Sapphire is talking about this roll from Pierre:
quote:
I make it Dex 10 (boosted) + FC 2 (chipped) + Auto 3 + Jammer 3 (weapon bonus) + Eyekill 3 + rolled 4 for a To-hit of 25. No Dn or T penalty due to the ooda spell.
...I actually count 21, and while it's not a big difference, this was before Apeiros tweaked that everything-boosting spell - I believe that change will bring it down to like, an 18 or 19?

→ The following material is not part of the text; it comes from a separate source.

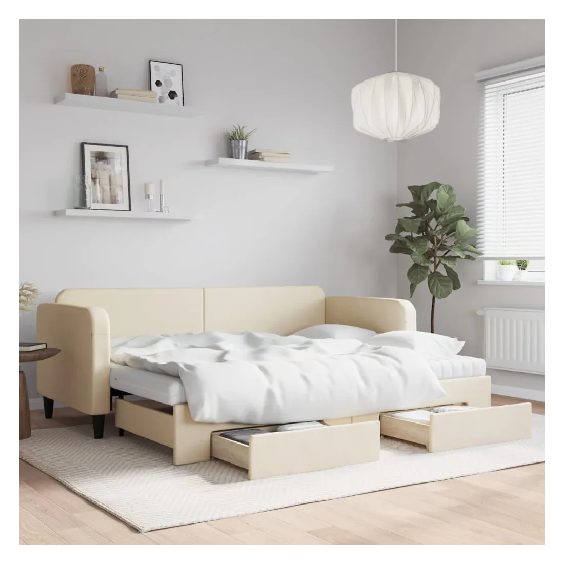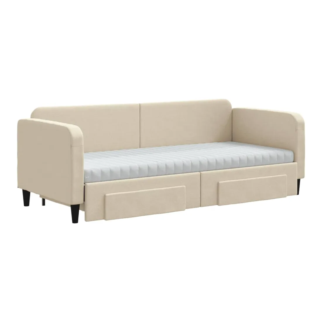 Ce lit de repos 2 en 1 avec lit gigogne, servant à la fois de canapé et de lit, constitue un supplément pratique et accrocheur à votre salon ou chambre à coucher. Lit de repos polyvalent : le canapé-lit fonctionne comme un canapé pendant la journée et se transforme facilement en lit double la nuit en retirant le lit gigogne, offrant une solution pratique pour accueillir des invités et maximiser l'espace.Grand espace de rangement : ce lit d'appoint dispose de deux tiroirs à roulettes qui offrent suffisamment d'espace pour ranger vos vêtements, chaussettes, jouets, coussins, etc.Matelas en mousse confortable : ce lit est fourni avec deux matelas en mousse pour un soutien maximal et un confort optimal.Tissu durable et construction solide : ce canapé-lit a une structure robuste en bois et en métal et est recouvert d'un tissu durable et confortable.

It is true that even without the spell at all, starting from a Dex of probably 7, he'd still have an 18 to hit, but that's the Jammer. That's... how it's written. The Jammer itself is a +6 just to start, and Eyekill and Skill Chips are common choices, so presumably everything is totally balanced for it, right? Since it's how the devs wrote it? Sorry, I agree with the comment that I don't believe Devs get everything right, especially on the first try, and it was clear that the result point thing didn't make any difference on that attack either way. Pierre is going to, as you say, ROFL stomp a lot of things no matter what rules we use - he's just a well designed character that way, even before his custom stripes.
I do think it's significant that the result point rule is offered as a suggestion in the R&E rules, and they talk about the pros and cons, and nowhere do the say anything about it completely shredding the balance of the entire system.
Sapphire - your overall breakdown of why high skill
shouldn't matter more than base damage is worryingly well thought out. I have to admit I've never made a concerted effort to kill anybody and it kind of feels like you have, and if that's the case all I can offer is my sympathy for whatever put you in that position.
In a game sense, though, I do feel like skill should matter. I do see what you mean about how it devalues Strength and Toughness, but I think Pierre demonstrates that firearms in general already do a lot of that, as, in fact, they just do. Yes, the RP rule makes certain concepts less viable, but I find it makes melee and unarmed combatants more viable relative to gunslingers, while the RAW shifts
that balance uncomfortably. The example you're using, of Pierre's high starting bonus, much more clearly demonstrates this to me than the flaws you're trying to show with result points -- his equipment bonuses are overwhelming either way. Whichever way you go he's still getting a +11 to hit and a base damage of 23 and that's just a BFG being a BFG.
I've mostly stayed out of this because I'm not as deep in the weeds of these rules as you guys are, and as a business woman, of course, Koharu mostly isn't affected anyway. But like Whistler, she was kind of built with the assumption that we were using the RPR.
Matthew:
I enjoyed your write up and talk of emulating realism but I would counterpoint (in this case) that Torg mechanics were not designed to be an abstraction of realism but an abstraction of summer blockbuster movies.
Total, total aside, but since I'm here, I think that's a lot more true in Eternity than oTORG. oTORG seemed to be trying a lot more for a "realistic" model of what it would be like if reality suddenly had to interact with our fiction, and Earth in oTORG is largely just... earth, not the 'Die Hard' reality they made it in Eternity.